Chissà se Maurizio Landini troverà il tempo fra un salotto tv e la «Leopolda rossa» di confessare gli errori e le valutazioni sbagliate che ha fatto in questi anni sulla Fiat. Chissà se Susanna Camusso considera ancora Sergio Marchionne un nemico della classe lavoratrice. Un operaio di Melfi l’ha pure presa in parola mimando l’impiccagione del manager italo-canadese. È stato licenziato e i giudici non hanno avuto esitazione a respingere il ricorso.

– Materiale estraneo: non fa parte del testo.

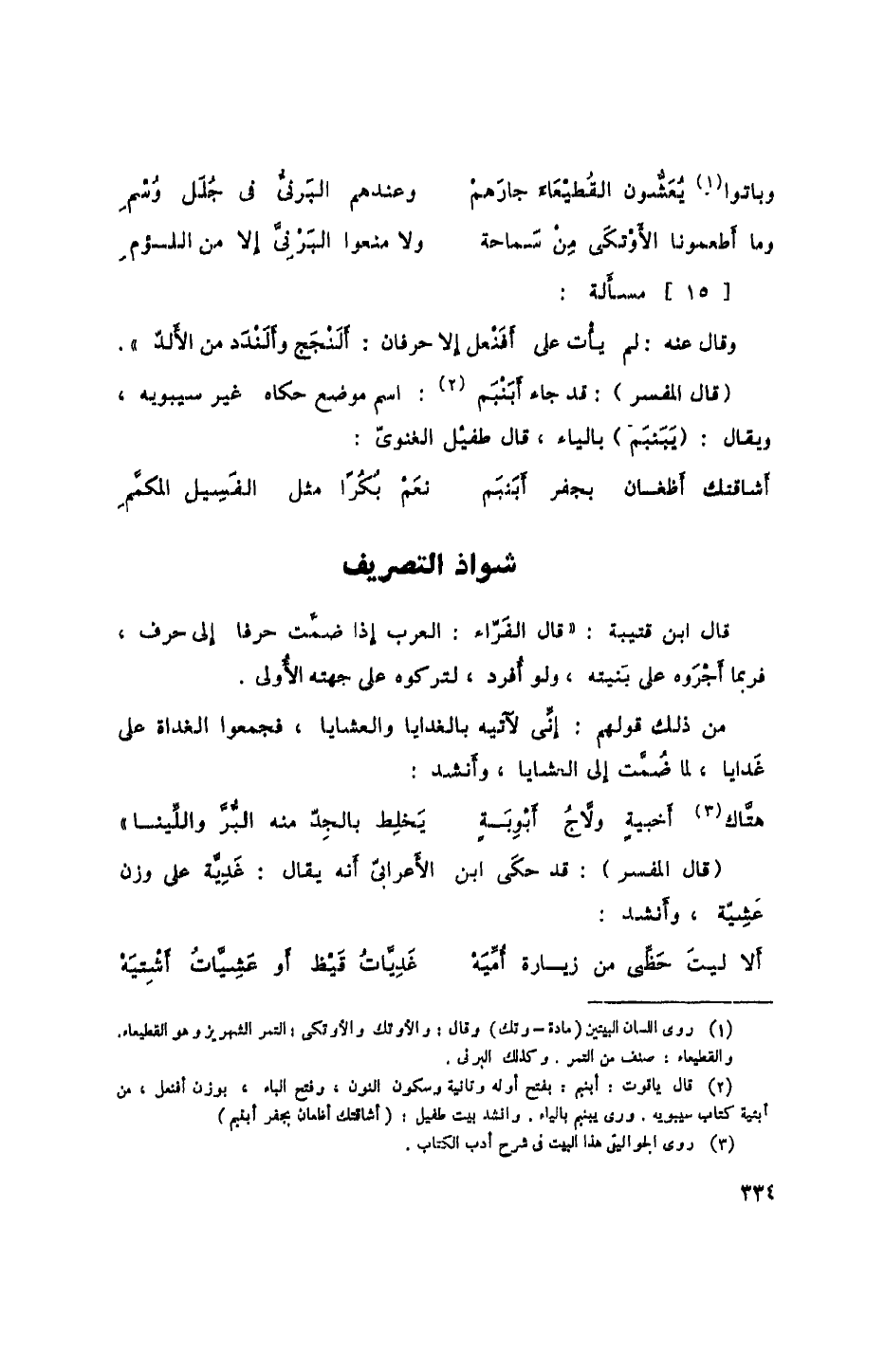 وقال عنه: لم يأت على أفنعل غلا حرفان: ألنجج وألندد من الألد".
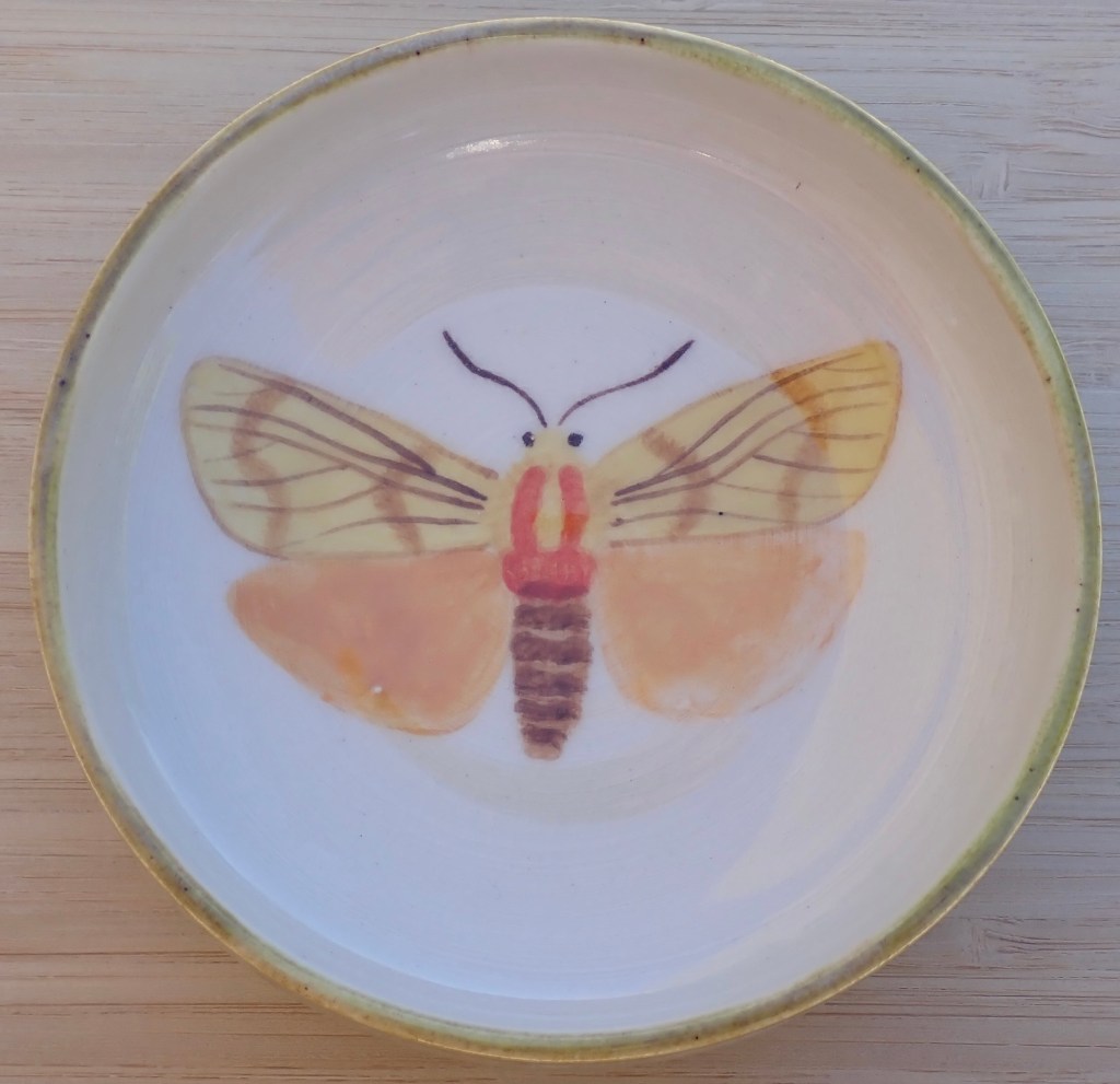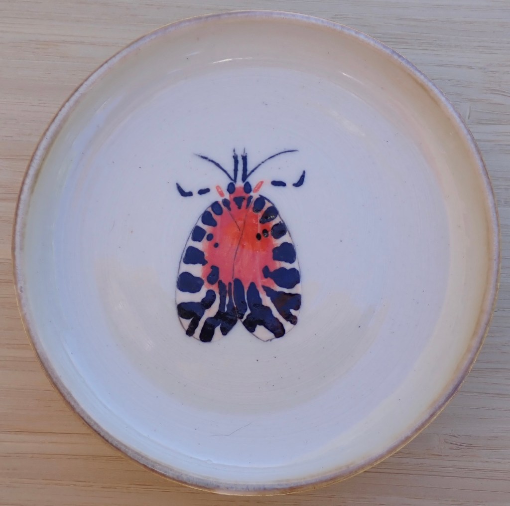 I use scientific reference imagery to hand-paint insects on functional porcelain items. I have always been fascinated by insects. While I don’t fully research every insect that I paint, I often notice small details while I paint them that I would otherwise overlook.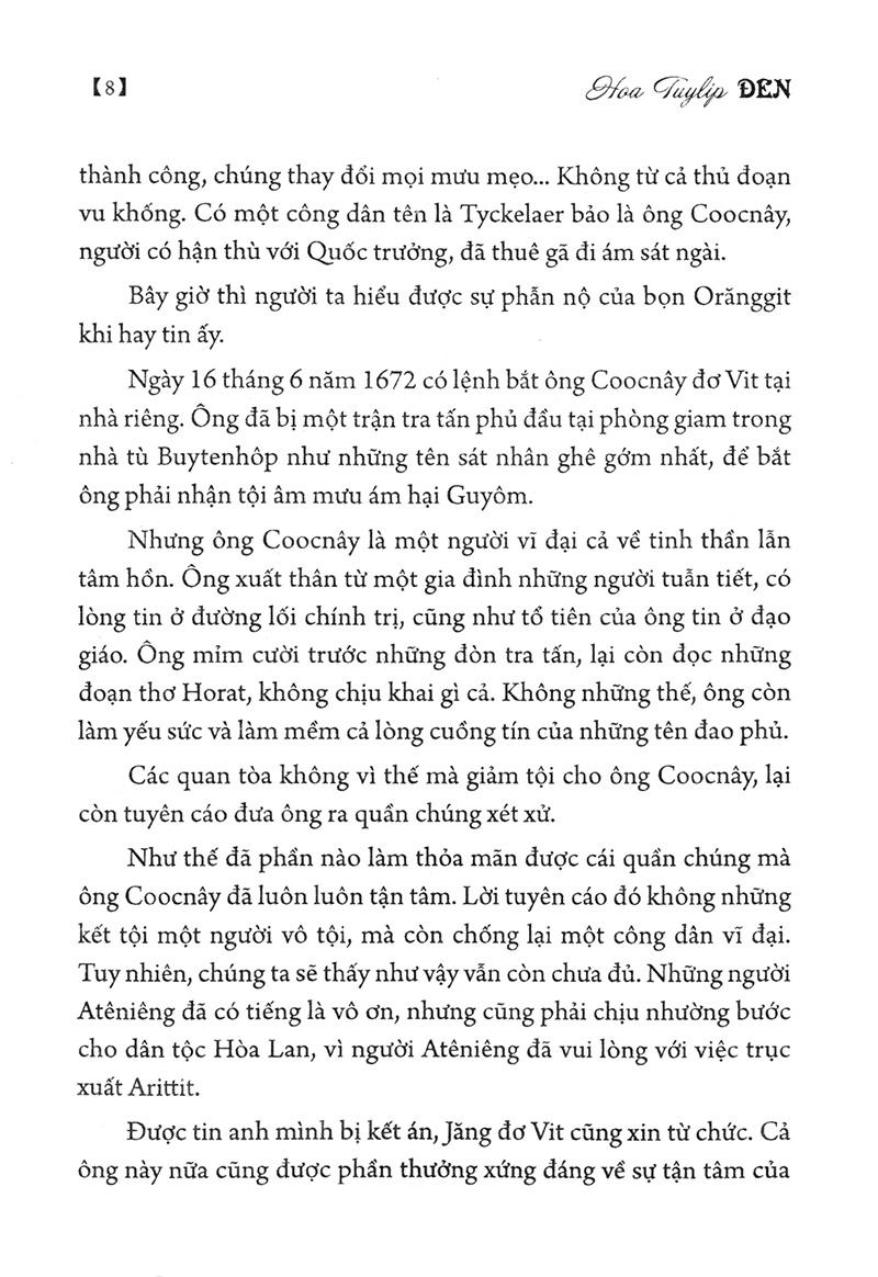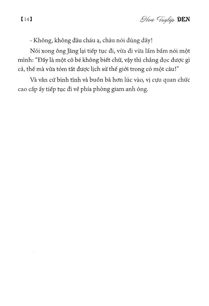 Hoa Tuy líp đen - một câu chuyện nhẹ nhàng, lãng mạn, và cổ tích – Hoa Tulip đen khác hẳn so với những gì mà trước đó Alexandre Dumas (cha) đã viết. Nó nhẹ nhàng, lãng mạn, như một câu chuyện cổ tích đẹp và có hậu.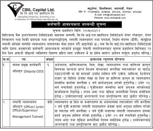 सिटिजन्स बैंक इन्टरनेशनल लिमिटेडको सहायक कम्पनी, सि बि आई एल क्यापिटलले विभिन्न पदका लागि कर्मचारीको माग गरेको छ । कम्पनीले नायब प्रमुख कार्यकारी अधिकृत र लगानि व्यवश्थापन अधिकृत पदका लागि कर्मचारीको माग गरेको हो ।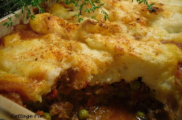 Arrange potatoes on top of filling. Top with Cheddar cheese and 2 Tbsp. butter and bake until potatoes and meat are heated through and potatoes begin to brown.

Perché a questo punto sarà bene stabilire un principio: chi fa davvero gli interessi del lavoratori? L' impresa che investe, realizza prodotti di successo e assume oppure il sindacato schiavo di antiche ideologie che si oppone a prescindere e definisce qualunque innovazione come un attacco ai diritti del lavoratore. I sacerdoti della nostalgia invocano sempre la pace sociale dimenticando che anche il deserto ha una sua tranquillità. Dovrebbero trovare il coraggio di cambiare. Il futuro ha la cattiva abitudine di andare avanti con chi ci sta lasciando gli altri ai margini della strada. La Fiom e la Cgil sono stati in prima fila nel considerare le nuove relazioni industriali della Fiat come mele avvelenate del turbo -capitalismo. E adesso che cos' hanno da dire dopo il gruppo ha annunciato che farà altre 1.000 assunzioni in diversi stabilimenti italiani entro quest' anno, applicando il Jobs Act. Inoltre saranno stabilizzati anche i 1.550 lavora tori di Melfi. Sappiamo già quali saranno le obiezioni della parte più radicale del sindacato e anche di qualche esponente del centrodestra che, accecato come gli altri dall' ideologia, finisce per ritrovarsi dalla parte sbagliata della barricata. Diranno che in fondo è solo un trucco aritmetico perché si tratta di lavoratori che stavano già in fabbrica e dunque cambia solo l' etichetta, non la sostanza. Ma perché questi sapientoni perennemente critici sulle cose del mondo non provano, per una volta a uscire dai salotti e andare davvero in fabbrica (cosa che non hanno mai fatto e per questo hanno perso l' alfabeto della classe operaia). Perché non parlano con questi 1.550 ragazzi?
Non lo fanno perché non sanno più dove trovarli avendo perso gli indirizzi delle manifatture ma, soprattutto perché non hanno voglia di sentirsi dire una verità che ruberebbe le loro certezze. Si sentirebbero dire che passare dal precariato al tempo indeterminato cambia di colpo le prospettive di vita.
L' orizzonte smette di avere una prospettiva bassa per diventare lungo. Significa poter pensare al futuro, alla famiglia, ad un mutuo. Ma perché l' ala estrema del sindacato protesta? Susanna Camusso e Maurizio Landini non puntano alla stabilizzazione dei posti di lavoro? Non sono i paladini nella lotta al precariato? E allora perché non hanno la forza di applaudire per mille assunzioni e 1.550 ragazzi che escono dal limbo dell' incertezza? Devono rifugiarsi in imbarazzati silenzi perché altrimenti dovrebbero confessare troppo errori. Preferiscono disperdersi nelle differenza fra l' articolo 18 e il Jobs Act. Fra un contratto per la vita e un contratto a tutele crescenti.
Rimpiangendo il paradiso perduto e dimenticando l' inferno per gli esclusi (soprattutto giovani). Dovrebbero ammettere che opporsi al decentramento contrattuale volendo difendere il tabù del contratto nazionale è stato un errore? Dovrebbero riconoscere la saggezza degli operai che a Pomigliano, Melfi e negli altri stabilimenti della Fiat bocciarono i referendum promossi da Fiom e Cgil. Dovrebbero fare abiura e dire che la ripresa è cominciata e comincia pure a sviluppare nuova occupazione.
Certo è merito del petrolio basso e della caduta del costo del denaro indotto dalla politica monetaria molto aggressiva della Bce a guida Mario Draghi.
Ma anche delle novità introdotte dal governo: dagli ottanta euro al taglio dell' Irap e adesso il Jobs Act. Lo ha riconosciuto Confcommercio (in genere assai avara di riconoscimenti) che le cose vanno un po' meglio e che il tunnel dei consumi dopo quattro anni torna a vedere la luce. Finalmente una buona notizia.